简介:本文将详细介绍如何从新闻资讯网站采集实时新闻数据,包括新闻标题、正文、发布时间、分类等信息。我们将实现一个自动化的新闻采集系统,支持增量更新和热点追踪功能。
一、需求分析
采集目标:
- 新闻列表(标题、摘要、链接、发布时间)
- 新闻详情(正文内容、作者、来源)
- 新闻分类(科技、财经、娱乐、体育等)
- 相关推荐和评论数
功能特性:
- 定时自动采集(每小时更新)
- 去重处理(避免重复采集)
- 增量更新(只采集新内容)
- 热点分析(统计热门关键词)
二、技术实现
2.1 基础配置
import requests
from bs4 import BeautifulSoup
import hashlib
import sqlite3
from datetime import datetime
import time
import random
# 配置参数
CONFIG = {
'base_url': 'https://news.example.com',
'categories': ['tech', 'finance', 'entertainment', 'sports'],
'update_interval': 3600, # 1小时更新一次
'request_delay': (1, 3), # 请求延迟范围
'max_retries': 3
}
# 请求头
HEADERS = {
'User-Agent': 'Mozilla/5.0 (Windows NT 10.0; Win64; x64) AppleWebKit/537.36',
'Accept': 'text/html,application/xhtml+xml,application/xml;q=0.9,*/*;q=0.8',
'Accept-Language': 'zh-CN,zh;q=0.9,en;q=0.8'
}
# 创建 Session
session = requests.Session()
session.headers.update(HEADERS)
2.2 数据库设计
def init_database(db_file='news.db'):
"""初始化数据库"""
conn = sqlite3.connect(db_file)
cursor = conn.cursor()
# 新闻表
cursor.execute('''
CREATE TABLE IF NOT EXISTS news (
id INTEGER PRIMARY KEY AUTOINCREMENT,
url_hash TEXT UNIQUE,
url TEXT,
title TEXT,
category TEXT,
summary TEXT,
content TEXT,
author TEXT,
source TEXT,
publish_time TEXT,
view_count INTEGER,
comment_count INTEGER,
created_at TIMESTAMP DEFAULT CURRENT_TIMESTAMP
)
''')
# URL 索引
cursor.execute('CREATE INDEX IF NOT EXISTS idx_url_hash ON news(url_hash)')
# 时间索引
cursor.execute('CREATE INDEX IF NOT EXISTS idx_publish_time ON news(publish_time)')
# 分类索引
cursor.execute('CREATE INDEX IF NOT EXISTS idx_category ON news(category)')
conn.commit()
conn.close()
print("数据库初始化完成")
2.3 新闻列表采集
def get_news_list(category, page=1):
"""获取新闻列表"""
url = f"{CONFIG['base_url']}/{category}/page/{page}"
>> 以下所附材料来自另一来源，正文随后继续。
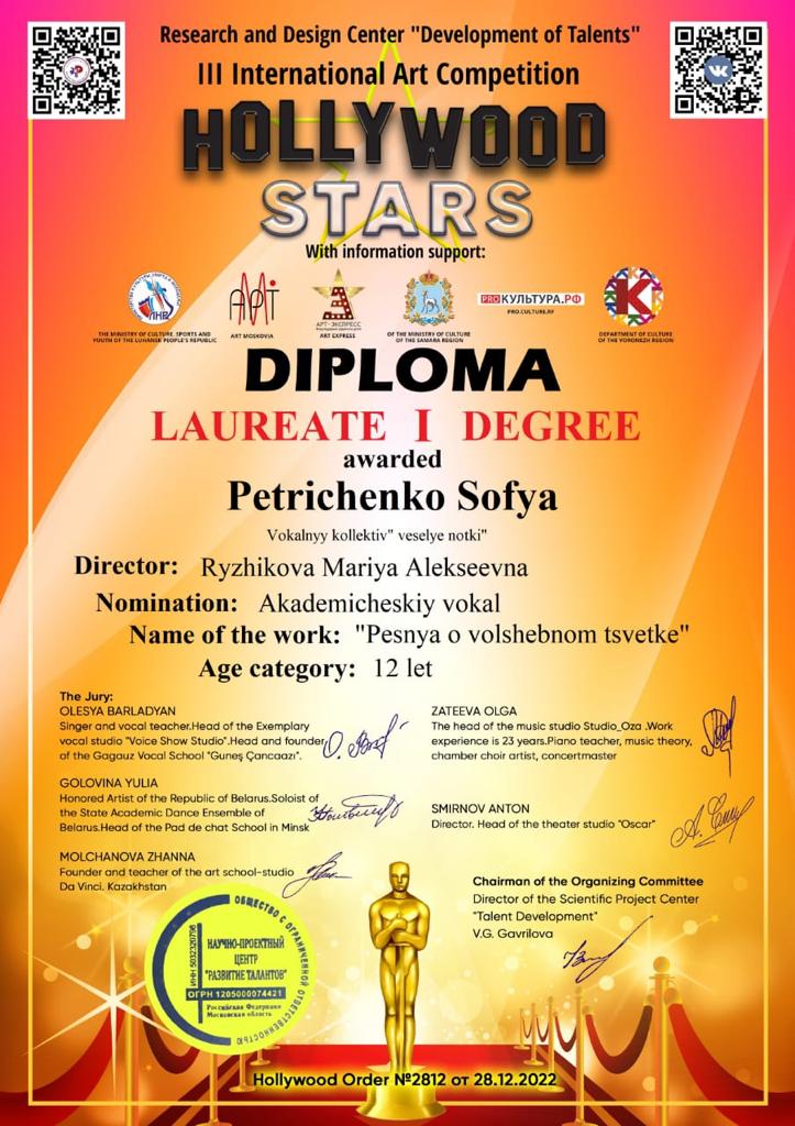 На III международном арт-фестивале HOLLYWOOD stars, организованном научно-проектным центром «Развитие талантов» (г. Санкт-Петербург), Мартыщенко Арина с конкурсной работой стала лауреатом II степени, а Петриченко Софья заняла первое место.
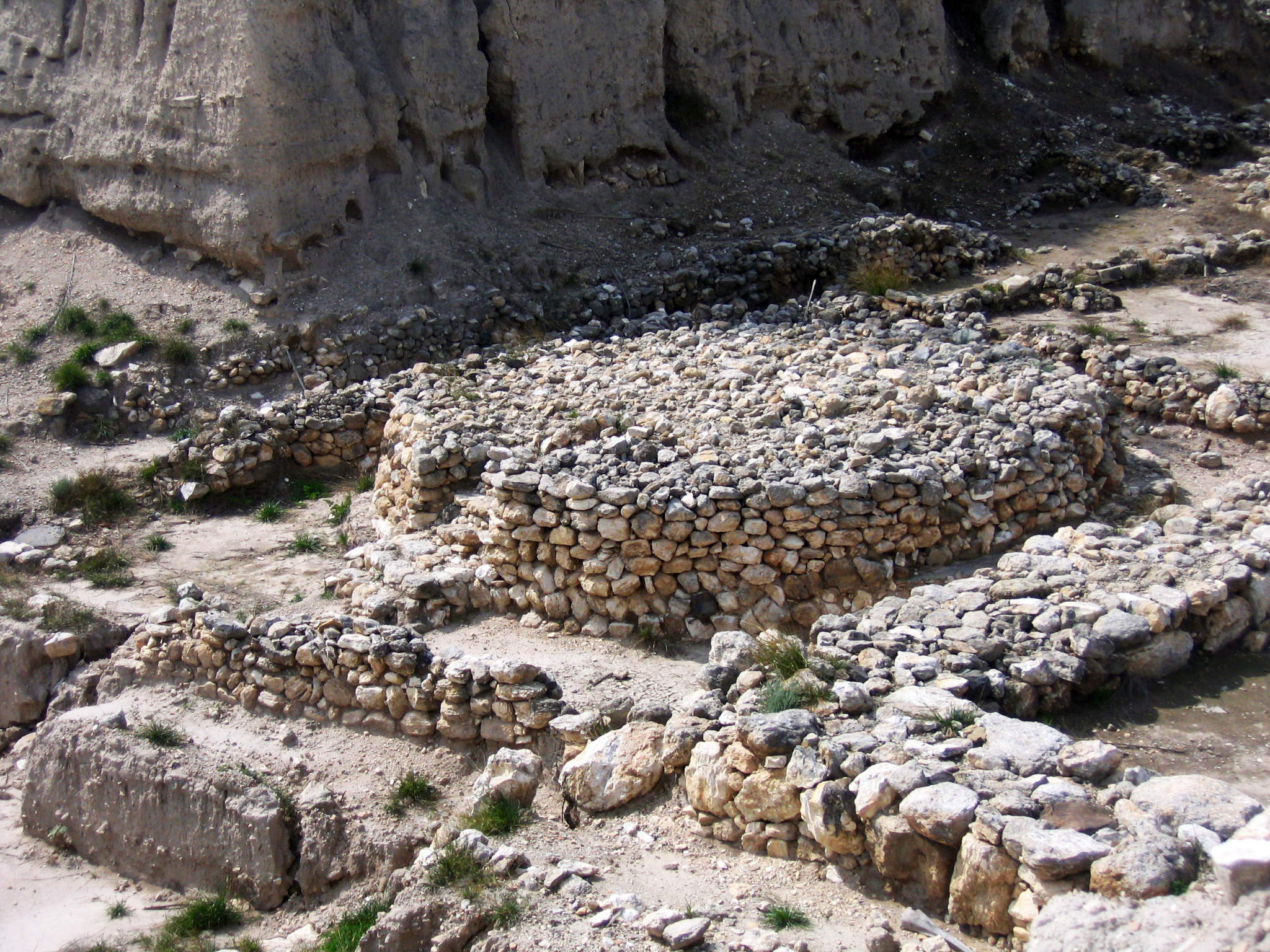 Megiddo is a tel (a stack of civiliations), not too far east of Mt Carmel. Megiddo is located at the crossroads of the north-south and east-west trade routes, so was a very popular place for civilizations to arise over the many years. In addition, pagan worship often took place there. Here is a re-constructed sacrificial mound at Megiddo.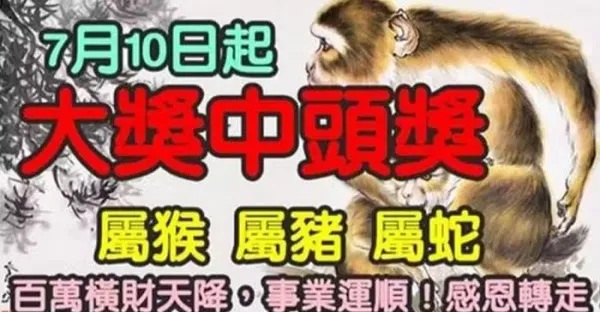 7月10日起百萬橫財天降,事業運順,大獎中頭獎的三大生肖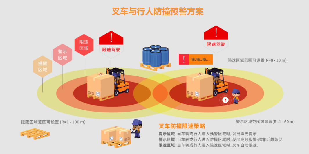 叉车防撞报警系统解决方案,在叉车上固定安装识别基站,同时在进入叉车工作区域的人员佩戴上有源标签,识别基站实时监控4米半径范围内有源标签的相对距离(识别具体可调,最远可识别100米),当人靠近危险范围时,触动叉车上的声光报警器,从而发出声光报警,有效预防、杜绝叉车碰撞员工等高危事故发生,最大限度减少安全事故的发生。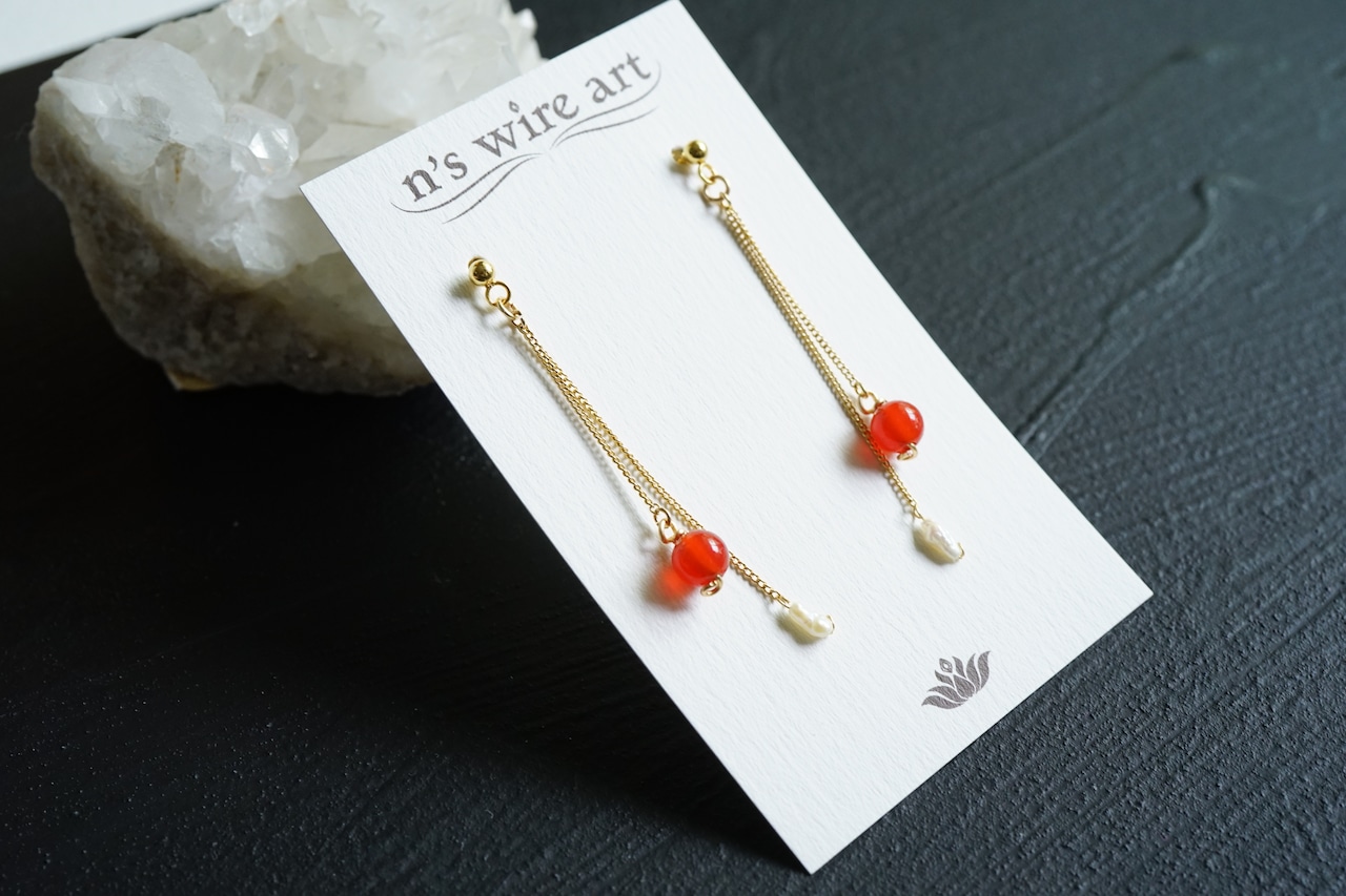 カーネリアンと淡水パールを使用した、幻想的で優雅なピアス/イヤリングです。カーネリアンの温かみのあるオレンジ色が、淡水パールの繊細な光沢と絶妙に調和し、耳元でゆらゆらと揺れます。シンプルでありながらも華やかさを加えてくれるアイテムで、特別な日だけでなく、日常のコーディネートにもぴったりマッチします。

for attempt in range(CONFIG['max_retries']):
try:
response = session.get(url, timeout=10)
response.raise_for_status()
soup = BeautifulSoup(response.text, 'html.parser')
# 查找新闻项
news_items = soup.find_all('div', class_='news-item')
news_list = []
for item in news_items:
try:
news = {
'url': item.find('a')['href'],
'title': item.find('h3', class_='title').text.strip(),
'summary': item.find('p', class_='summary').text.strip() if item.find('p', class_='summary') else '',
'publish_time': item.find('span', class_='time').text.strip(),
'view_count': int(item.find('span', class_='views').text.strip()) if item.find('span', class_='views') else 0,
'comment_count': int(item.find('span', class_='comments').text.strip()) if item.find('span', class_='comments') else 0,
'category': category
}
news_list.append(news)
except (AttributeError, ValueError) as e:
continue
print(f"采集 {category} 第 {page} 页: {len(news_list)} 条")
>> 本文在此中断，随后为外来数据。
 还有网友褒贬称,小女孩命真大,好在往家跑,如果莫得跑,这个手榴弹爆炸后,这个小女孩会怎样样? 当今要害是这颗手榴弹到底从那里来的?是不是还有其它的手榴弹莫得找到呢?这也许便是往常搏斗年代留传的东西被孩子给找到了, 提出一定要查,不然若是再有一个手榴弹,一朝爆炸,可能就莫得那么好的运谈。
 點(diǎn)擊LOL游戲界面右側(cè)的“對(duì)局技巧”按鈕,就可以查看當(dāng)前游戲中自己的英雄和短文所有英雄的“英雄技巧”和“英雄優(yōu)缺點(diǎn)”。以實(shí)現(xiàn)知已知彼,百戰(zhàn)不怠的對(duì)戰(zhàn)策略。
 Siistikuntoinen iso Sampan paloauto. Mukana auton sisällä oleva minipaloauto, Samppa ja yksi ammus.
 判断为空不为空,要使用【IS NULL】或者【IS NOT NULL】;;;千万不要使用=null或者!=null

time.sleep(random.uniform(*CONFIG['request_delay']))
return news_list
except Exception as e:
print(f"请求失败 (尝试 {attempt + 1}/{CONFIG['max_retries']}): {e}")
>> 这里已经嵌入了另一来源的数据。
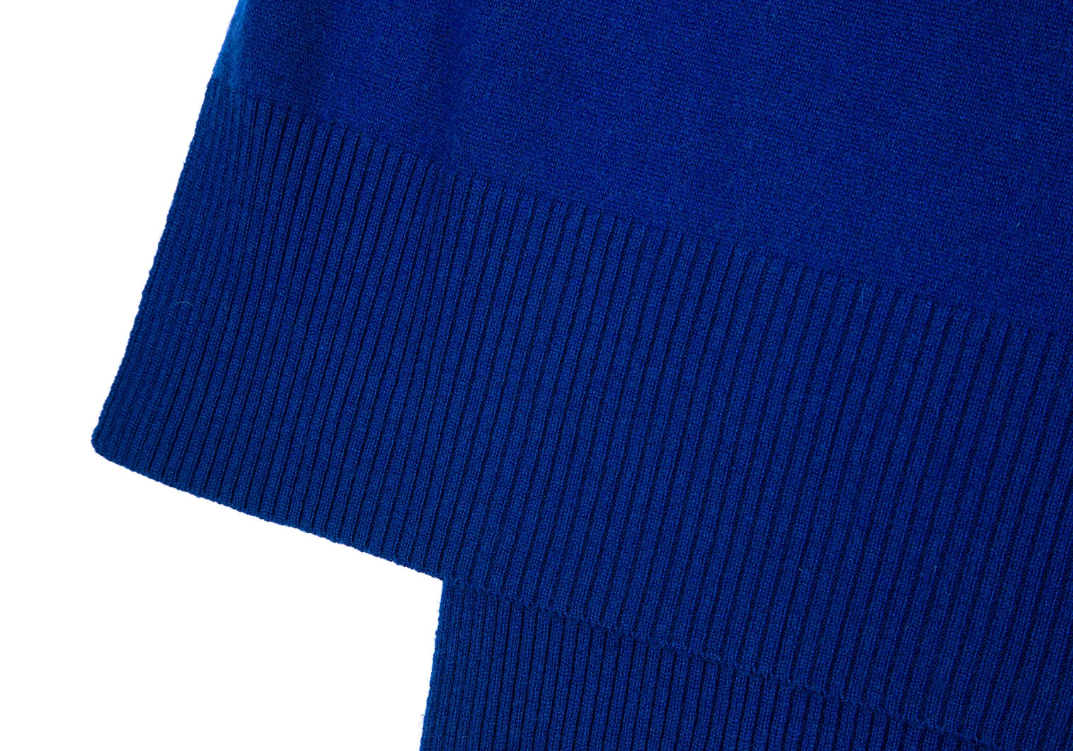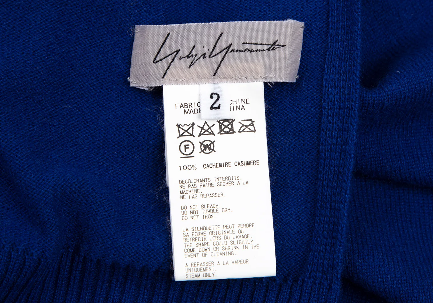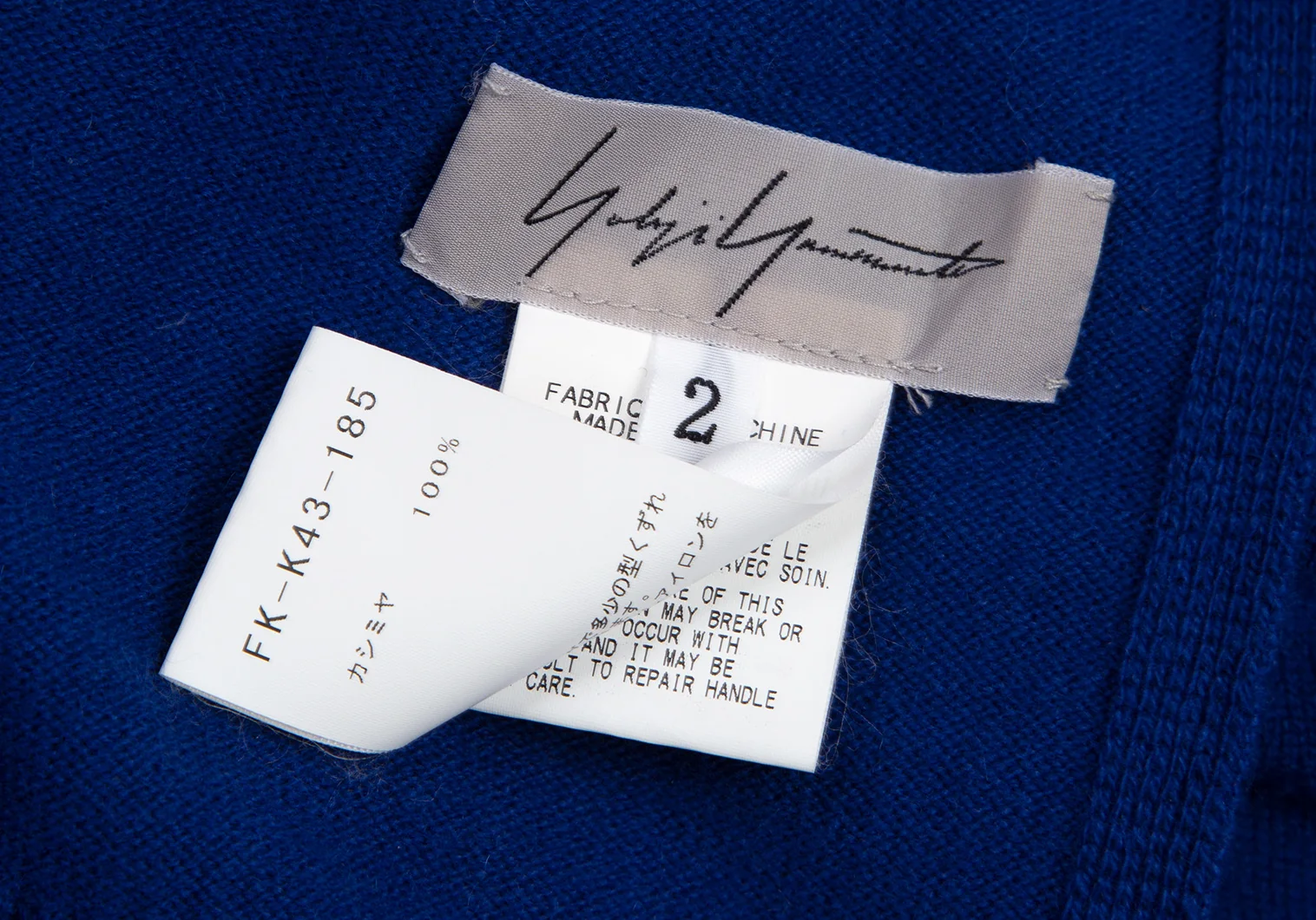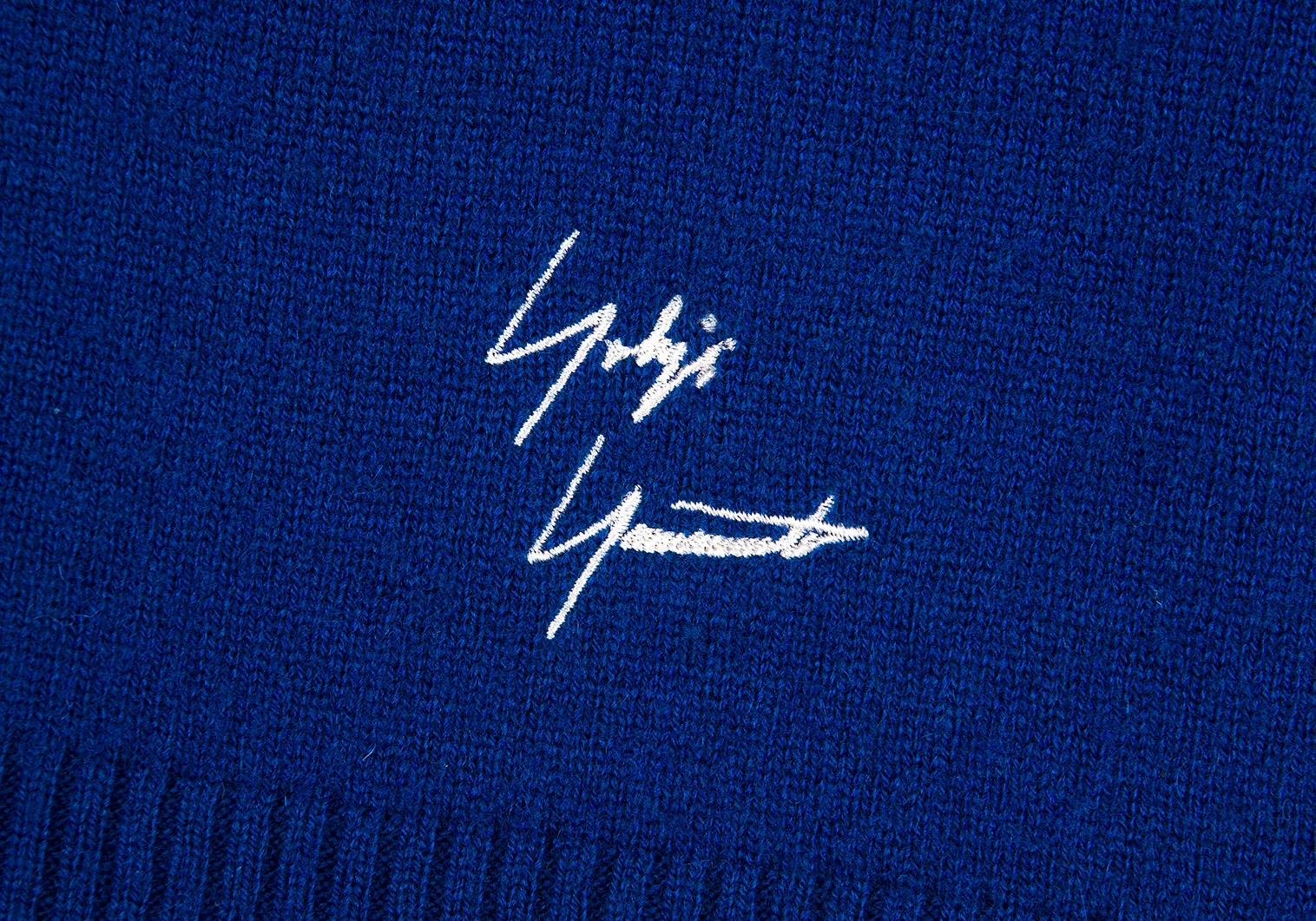ヨウジヤマモト ファムYohji Yamamoto FEMME カシミヤワンポイントロゴ刺繍ロングリブストール 青2

if attempt < CONFIG['max_retries'] - 1:
time.sleep(5)
return []
2.4 新闻详情采集
def get_news_detail(url):
"""获取新闻详情"""
full_url = f"{CONFIG['base_url']}{url}" if not url.startswith('http') else url
try:
response = session.get(full_url, timeout=10)
response.raise_for_status()
soup = BeautifulSoup(response.text, 'html.parser')
# 提取详情
detail = {
'content': '',
'author': '',
'source': ''
}
# 正文内容
content_div = soup.find('div', class_='article-content')
if content_div:
# 移除广告等无关元素
for ad in content_div.find_all('div', class_='ad'):
ad.decompose()
detail['content'] = content_div.get_text(separator='\n', strip=True)
# 作者信息
author_tag = soup.find('span', class_='author')
if author_tag:
detail['author'] = author_tag.text.strip()
# 来源信息
source_tag = soup.find('span', class_='source')
if source_tag:
detail['source'] = source_tag.text.strip()
return detail
except Exception as e:
print(f"获取详情失败: {e}")
return {}
2.5 去重和保存
def save_news(news_item, db_file='news.db'):
"""保存新闻(去重)"""
# 生成 URL 哈希
url_hash = hashlib.md5(news_item['url'].encode()).hexdigest()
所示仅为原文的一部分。